Once again, efficient coding predicts lateral inhibition. Suppose a stimulus pressed on several touch receptors, all in a clump. What would the neural coding look like? We could send an action potential from each one, but this’d cost more than sending a single signal from the center, maybe in a way that indicated the range of the stimulus. This is precisely what lateral inhibition does.¹³

The functions of lateral inhibition are more varied than raw efficiency, however. Lateral inhibition increases visual contrast, which helps with edge perception; it attenuates similar sound frequencies, which helps with echo suppression; it might also be a mechanism for controlling somatosensory attention. Similarly, feedforward inhibition has been thought to sharpen temporal contrast.

Conclusion

All senses share the same function: transmitting information about stimuli to the brain. This information travels from sensory receptors, through afferent nerves, to the central nervous system. The efficient coding of this information leads to effects observable across modalities, like adaptation and inhibition.

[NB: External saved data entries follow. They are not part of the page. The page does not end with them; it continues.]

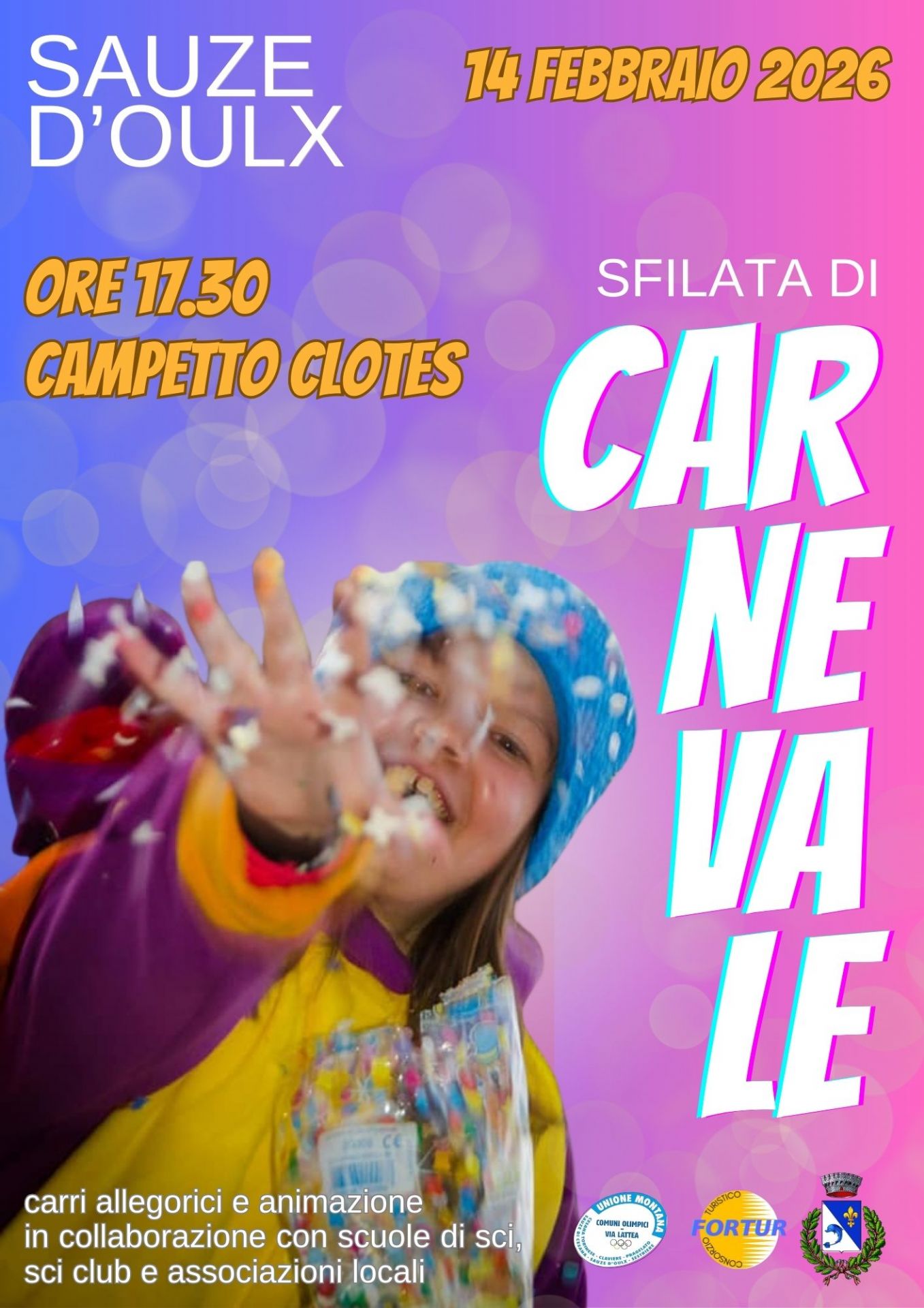 Dopo il ritrovo alle ore 17,30 al Campetto Clotes, partirà la variopinta sfilata che si concluderà in Piazza III Reggimento Alpini dove verrà bruciato simbolicamente il Carnevale e dove, con animazione musicale, la Pubblica Assistenza di Sauze d’Oulx distribuirà bevande calde e bugie.
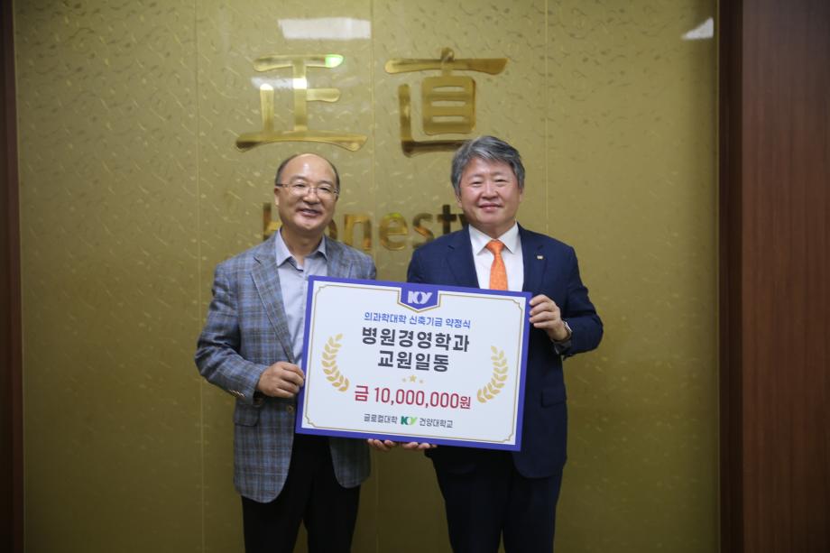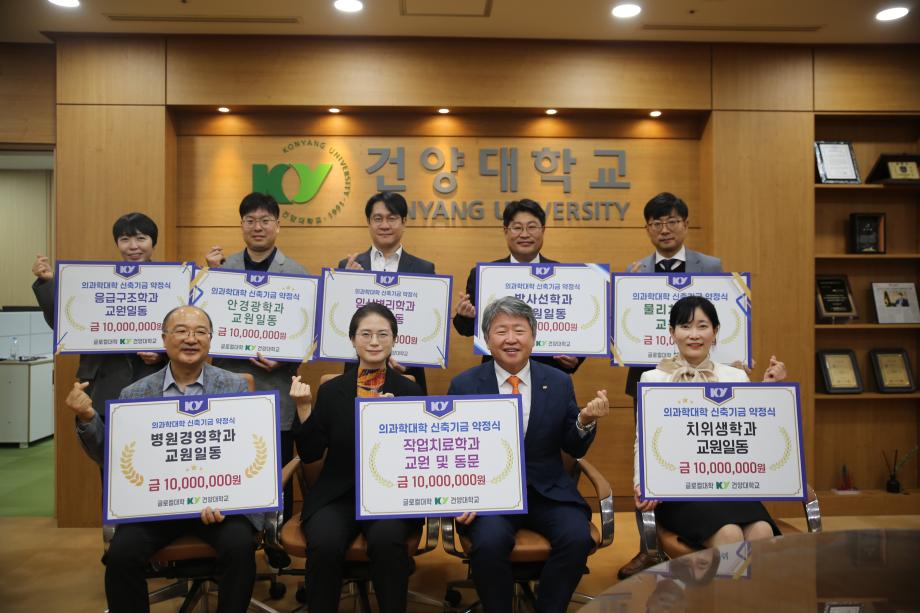 | 제목 | 건양대학교 의과학대학 신축기금 약정식에 병원경영학과 교수진, 1천만원 상당 기부금 전달 | ||||
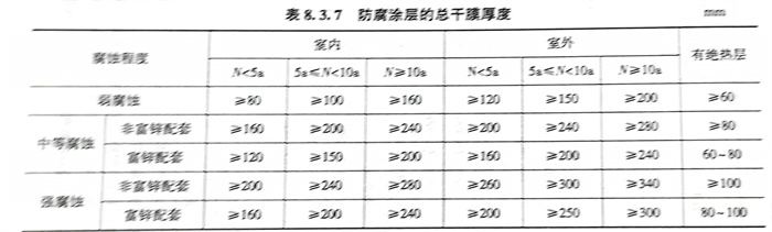 (7)防腐涂層的厚度(du)應根據腐蝕環境條件和設(she)計使用年(nian)限等因(yin)素確定。防腐涂層的總干(gan)膜厚度(du)可參考表8.3.7的規定。
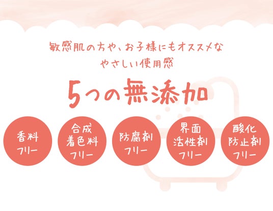 香料/合成着色料/防腐剤/界面活性剤/酸化防止剤を使用しない"5つの無添加処方*"で、やさしい使用感に配慮しました。
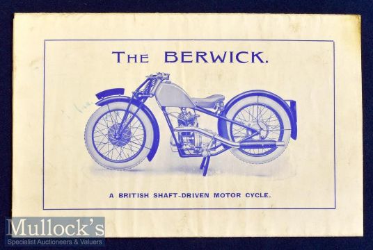 The Berwick “A British Shaft-Driven Motor Cycle” 1929 Sales Catalogue An 8 page Printers Proof sales Catalogue featuring 5 illustrations of the two machine being 247cc and 350 cc priced expensively at £60 and £61.10s. Folds out to size 9” ´ 23½“. Built to show at Olympia Motor Cycle Show this unusual lightweight Shaft Driven machine was a prototype that never went into production, Scarce thus.
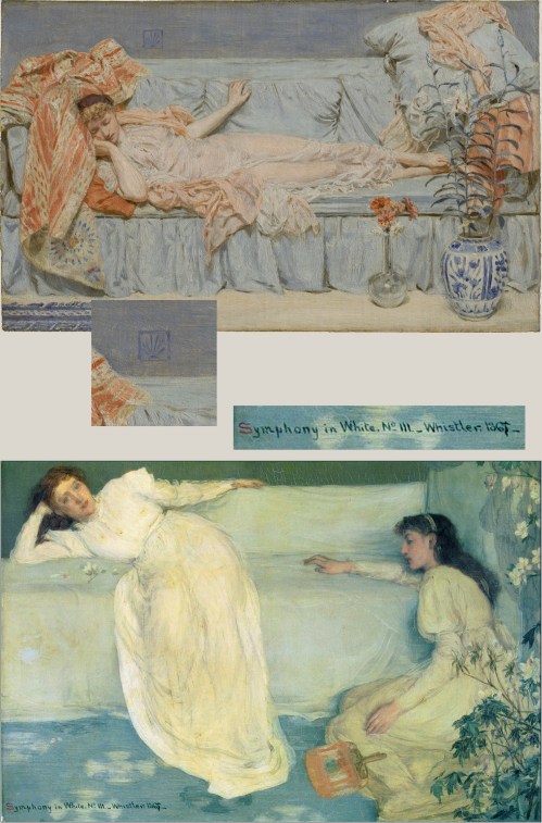 By 1865 Whistler was so intimate with Moore that he proposed forming a Société des Trois with him and Henri Fantin-Latour in Paris. The first work that he painted under Moore’s influence had a completely different style of composition, and far fewer oriental props than the four paintings of the year before. If we compare this picture (Whistler’s Symphony in white No III) with one painted by Moore in tandem with it (Lilies), we can see this alteration in Whistler’s style. He described the Symphony in white to Fantin Latour as his ‘purest’ painting yet, because he now paid ‘most attention to the composition’. Sadly, the original frame of neither painting is now in place – it would be very illuminating to compare them. However, we can compare the signatures, and see that Whistler has not yet adopted his butterfly emblem, whereas Moore’s logo of an anthemion is already part of the whole colour conception.
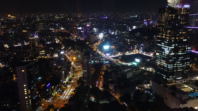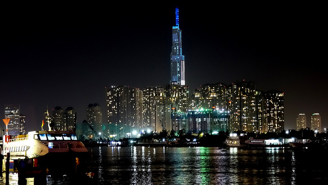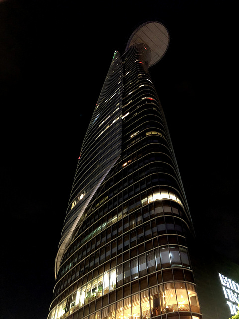 Continuamos por la avenida Dong Khai hasta el centro comercial Parkson Plaza, allí giramos a la derecha hasta el hotel de ville, actualmente ayuntamiento de Saigón, bajamos la rambla peatonal Nguyễn Huệ Pedestrian Street, que está rodeada de edificios iluminados con luces de colores, a mitad de calle hay una fuente también con leds de colores, pero nada que ver con la de Montjuic en Barcelona, seguimos hacia el edificio Bitexco Financial Tower , al cual subimos para ver una panorámica 360 de la ciudad, el precio para poder subir es de 200.000 dar, este edifico fue construido en 2010, con una altura de 262,5 metros y 68 pisos, en su momento fué el más alto de Vietnam. Desde el mirador hay una magníficas vistas del rio y todo su entorno, que al ser de noche, pudimos ver completamente iluminados.
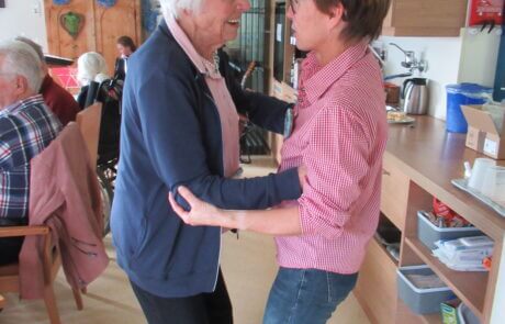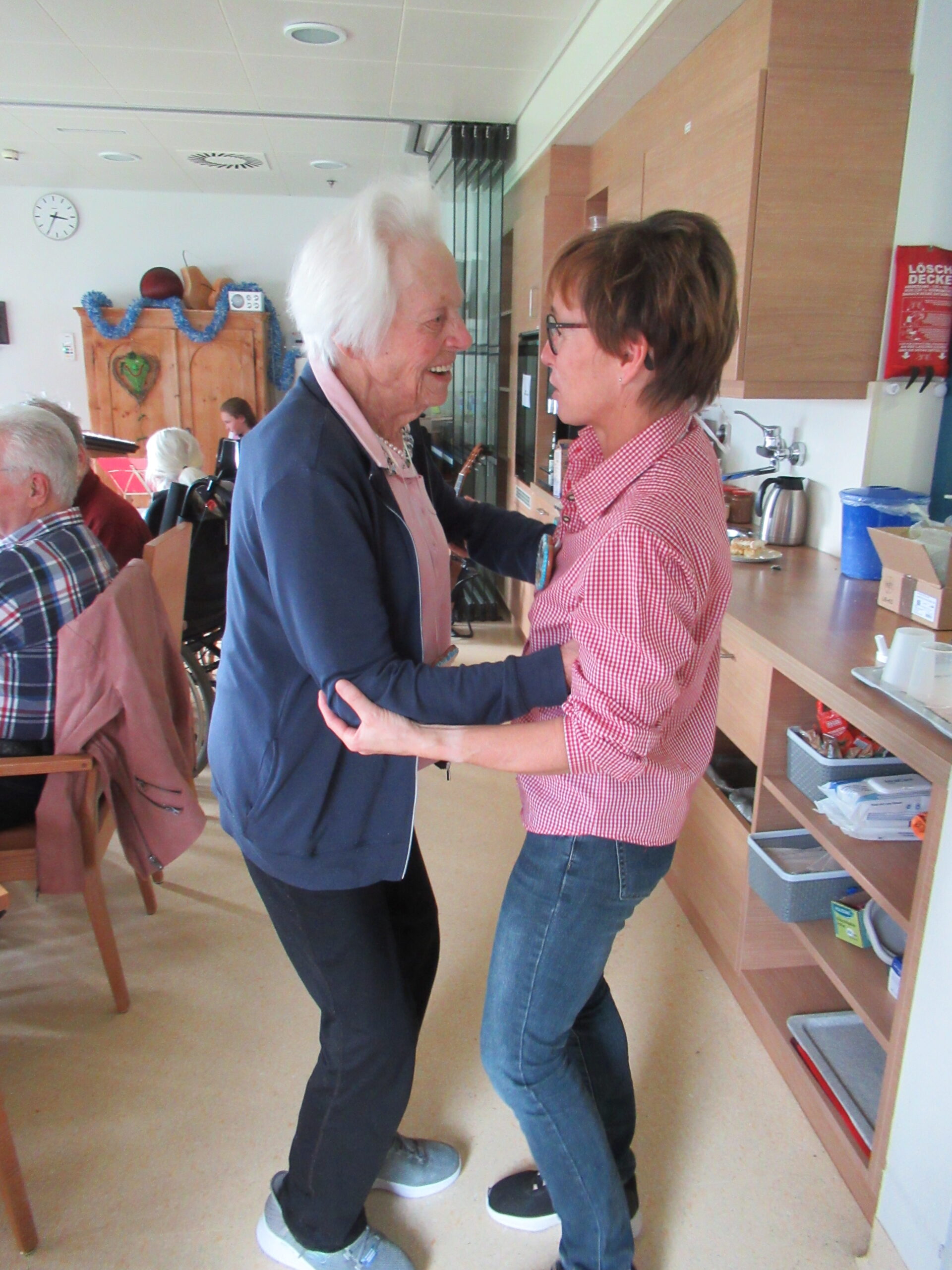 Bewohnerin Marianne beim Tanzbeinschwingen mit Mitarbeiterin Michaela
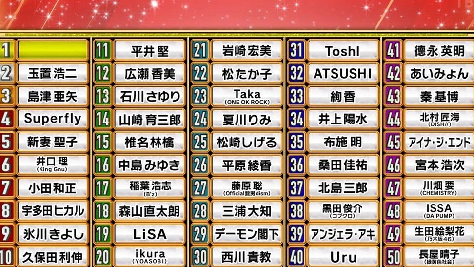 日本一歌がうまい男性歌手は誰ですか?のランキング
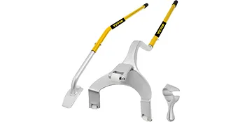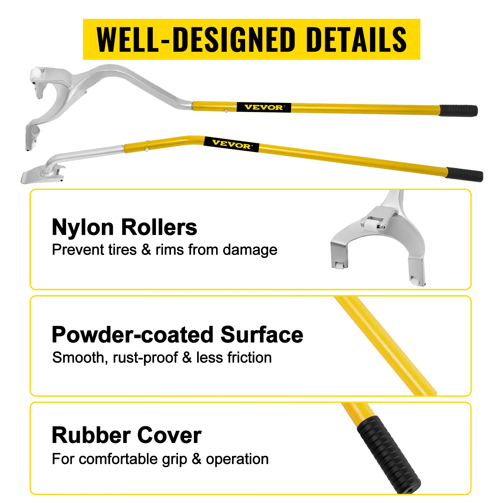 De rubberen coating zorgt voor een comfortabele grip en de gepoedercoate afwerking vermindert wrijving. Zowel de demontage- als montagestangen zijn voorzien van nylon rollen die de kans op beschadiging van de band tijdens het werk verkleinen.

We’ve focused on things that happen before sensory information reaches the brain. This information needs to be organized, integrated, and interpreted. These bottom-up processes that assemble higher-order concepts out of lower-level stimuli are only part of the story—the full story will have to wait for some other time.

¹
Proprioceptors sense properties of muscles and joints, so I’d argue that, by our definition, they’re interoceptive. However, many sources will treat proprioception as neither interoception nor exteroception, but as a third category.
²
In order: proprioception, osmoreception and gastric perception, bladder perception and rectal perception, respiroception and cardioception, visceral nociception, thermoception and baroreception.
³
We know respiroception and cardioception follow similar sensory pathways. The EPIC model is a kind of efficient coding. Adaptation happens with urethral flow and the baroreceptor reflex. Inhibition happens in osmoreception and respiroception.
⁴
Most sources I’ve read using this classification split nociceptors as a fifth category. But all nociceptors are either chemoreceptors, thermoreceptors, or mechanoreceptors.
⁵
Probably not for any deep reason. The special sense organs are all on the head, so it’d make sense that they’re innervated by cranial nerves, which are nearer.
⁶
It’s not clear to me this holds for things like cardioception or respiroception, but it’s true for the special senses and the somatosensory system.
⁷
There’s other first-principles ways to exclude pixel-like representations, like invariance, but efficient coding will come up again later.
⁸
The brain has billions of neurons. Even $2^{50}$ states of $50$ neurons is more moments than you’d experience in a lifetime.
⁹
I’m being intentionaly vague about constraints here. There’s a neat framework that, depending on the parametrization of these constraints, unifies many different versions of efficient coding.
¹⁰
I’ve alluded to neuronal noise, but here I’m talking about noise inherent to stimuli themselves. Light, for example, has noise due to photon statistics.
¹¹
Not all mechanoreceptors adapt this fast: Merkel discs and bulbous corpuscles are much slower, for example.
¹²
The contemporary view of gate control theory has more subtleties than this. It’s still feedforward inhibition, by our definition: the inhibitory neuron fires due to a stimulus, and not due to the principal neuron, or neighboring neurons.
¹³
Rubbing the area around a stubbed toe is not an example of lateral inhibition, because it involves different kinds of sensory receptors. They may be in the same section of skin, but they’re not strictly neighboring.